-- Your task --
Print the lines in the listing below starting at the line with "Linksmas vaikiškas gręžtuvas" and ending at the line with "在实名问题页面,点击查询名下账户。", both included. Reproduce them exactly and omit every picture.
-- -- --
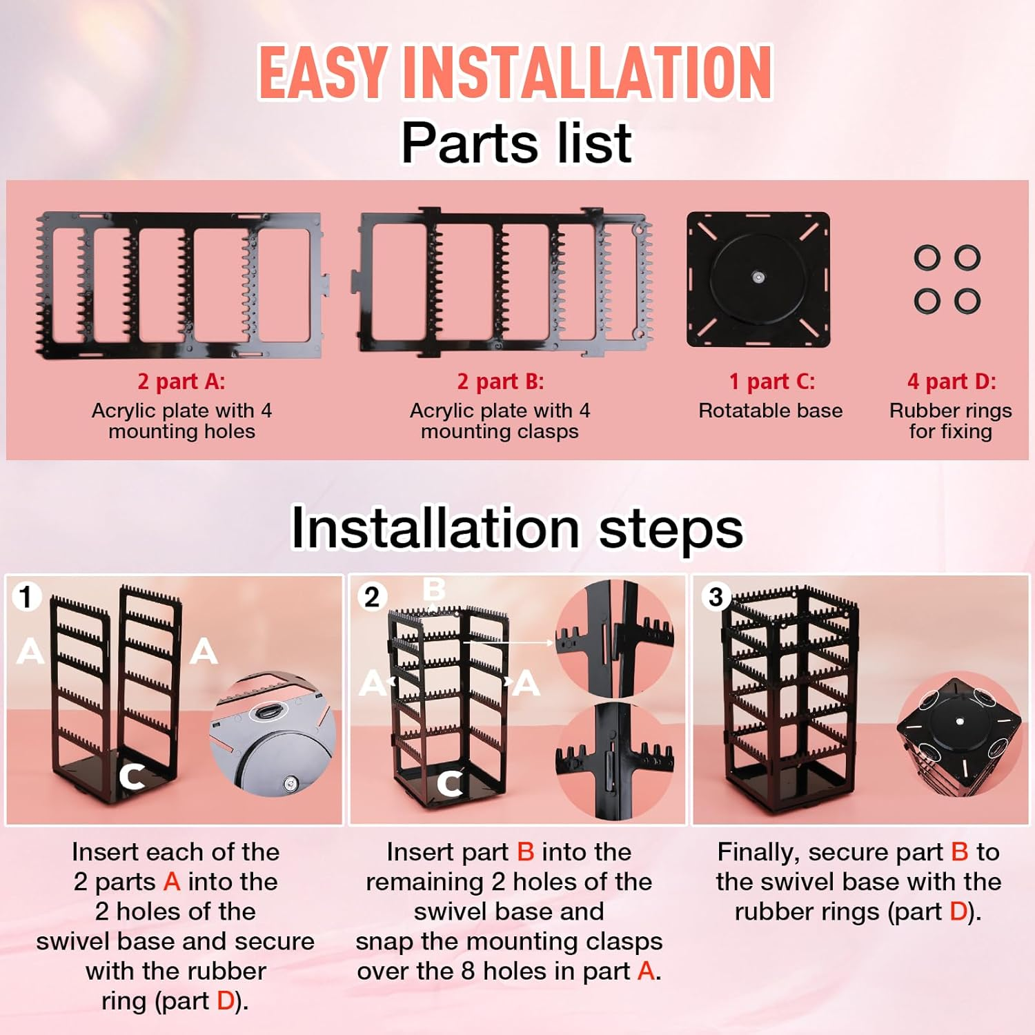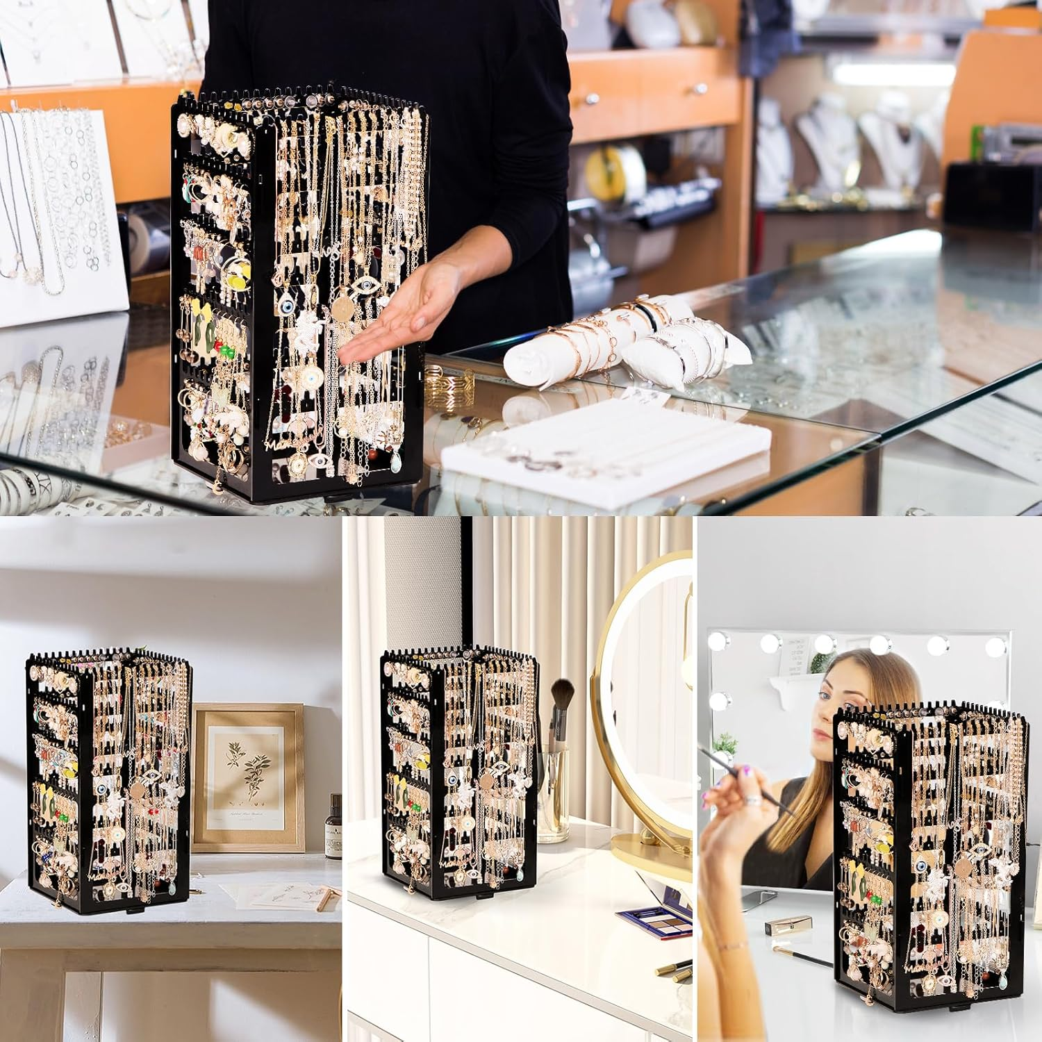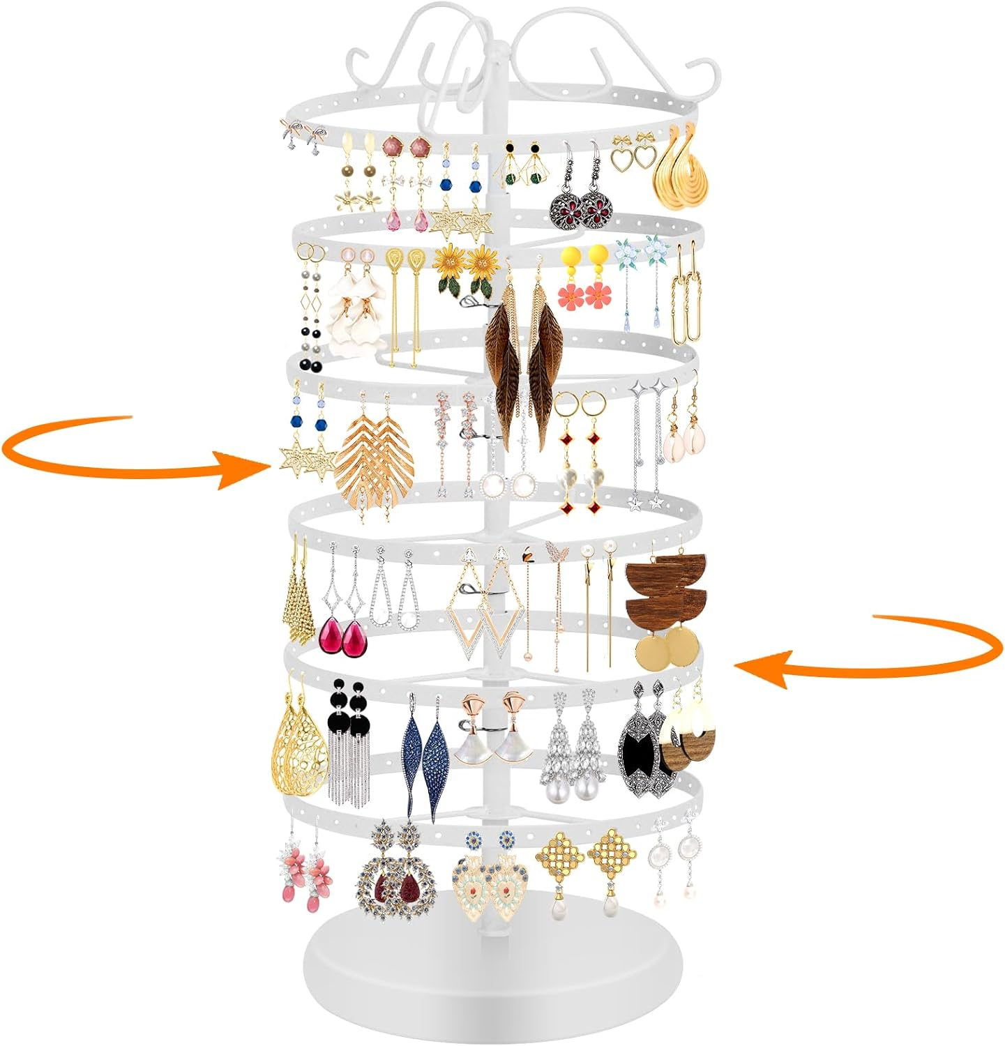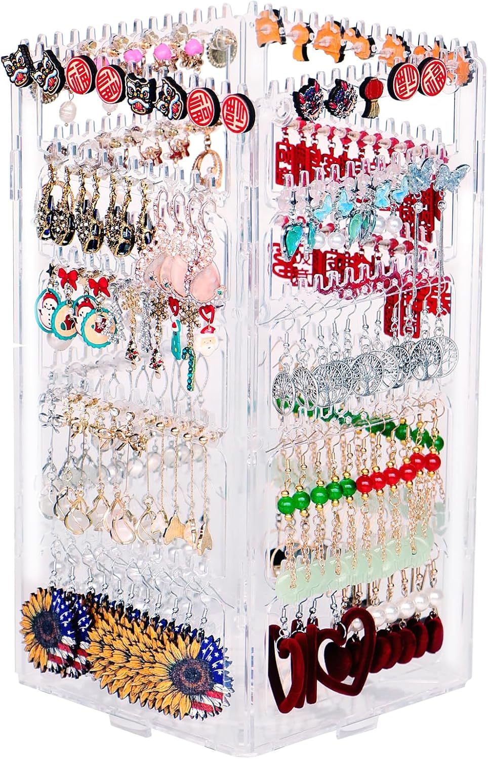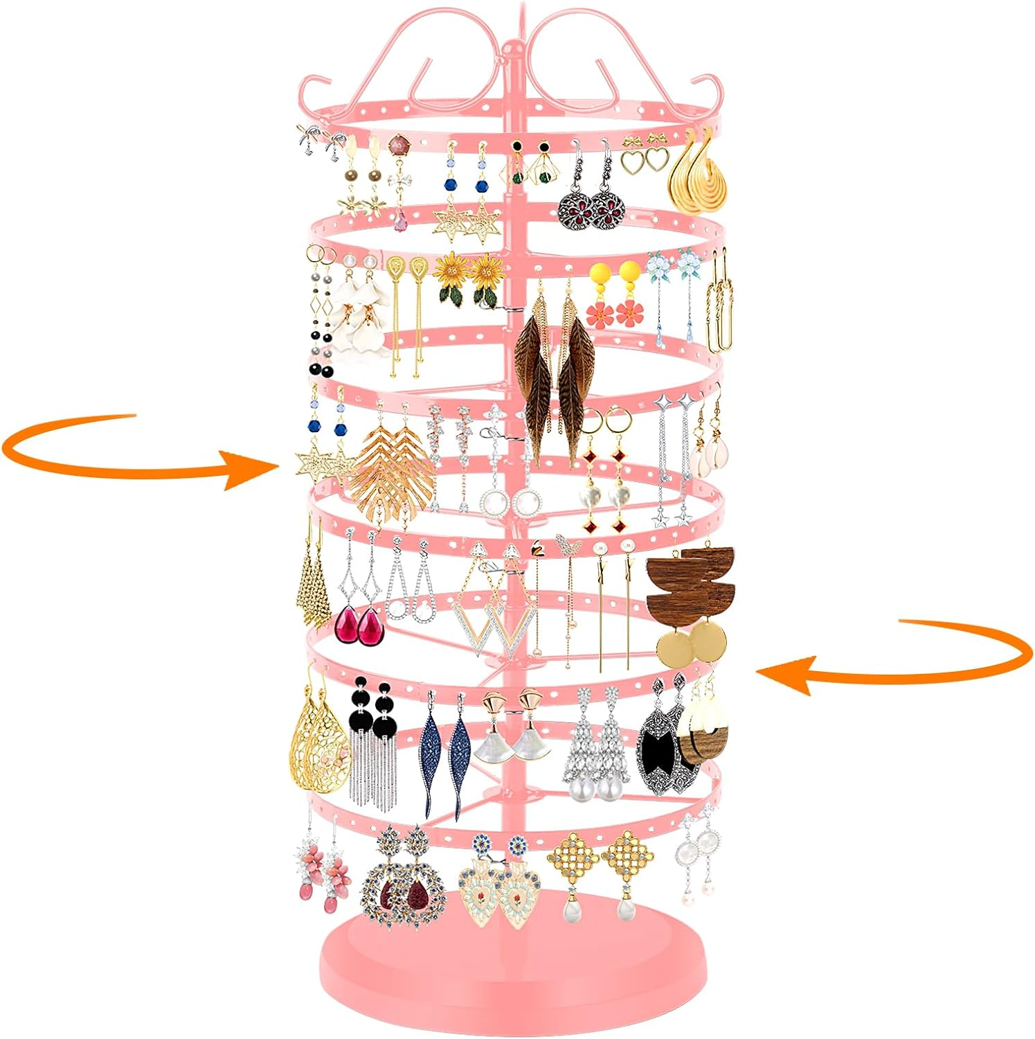 5 tiers, over 200 holes and grooves, 360-degree rotation, easy to use. These features made it a popular earring organizer and display rack.
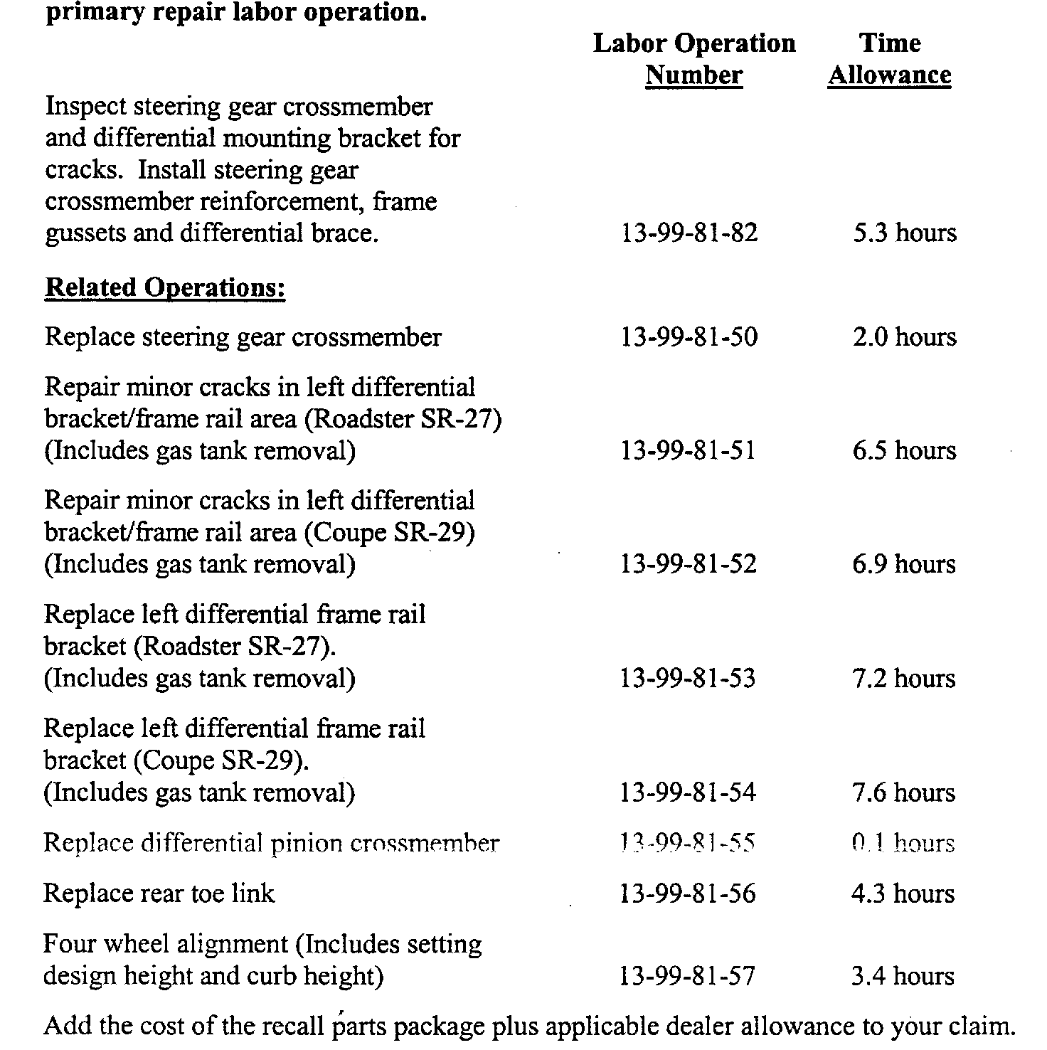 Use the labor operation number and any appropriate related operations as necessary. Related operations must be included in the same condition as the primary repair labor operation.
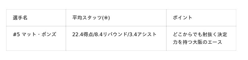 大阪の攻撃の核となるのは、平均22.4得点を叩き出している#5 マット・ボンズ選手です。どこからでも得点を狙える決定力に加え、平均3.4アシストとパスセンスも兼ね備えており、#5 ボンズ選手を自由にさせないことが勝利への鍵となります。
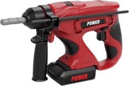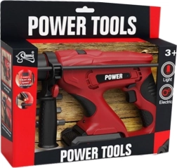 Linksmas vaikiškas gręžtuvas raudonos spalvos su keiči mais grąžtais, maitinamas baterijomis, suteikia realistišką mažojo meistro žaidimą. Paspaudus gaiduką įsijungia garsai ir šviesa, saugi plastikinė konstrukcija lavina smulkiąją motoriką ir loginį mąstymą. Maitinimas 3× 1,5 V AA (baterijos nepridedamos), tinka nuo 3 metų, CE sertifikatas.
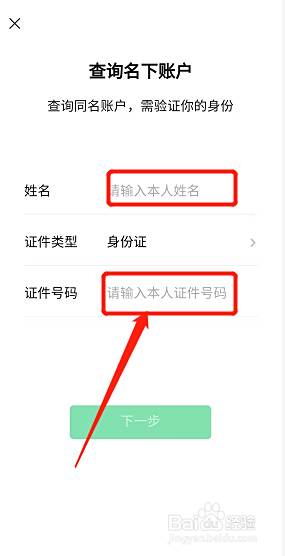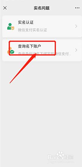 在实名问题页面,点击查询名下账户。
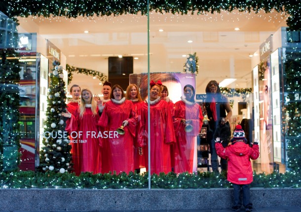 As part of the weekend festivities, there will be a Carol-a-thon, Christmas carols, sung by Carols ( and you if you fancy it) again all raising money for Kids Company. Above is a small selection of Carols warming up in the House of Fraser Oxford Street window this week. Deck The Boughs everybody, it’s definitely Christmas.
-- -- --
-- Result for this task --
 Linksmas vaikiškas gręžtuvas raudonos spalvos su keiči mais grąžtais, maitinamas baterijomis, suteikia realistišką mažojo meistro žaidimą. Paspaudus gaiduką įsijungia garsai ir šviesa, saugi plastikinė konstrukcija lavina smulkiąją motoriką ir loginį mąstymą. Maitinimas 3× 1,5 V AA (baterijos nepridedamos), tinka nuo 3 metų, CE sertifikatas.
 在实名问题页面,点击查询名下账户。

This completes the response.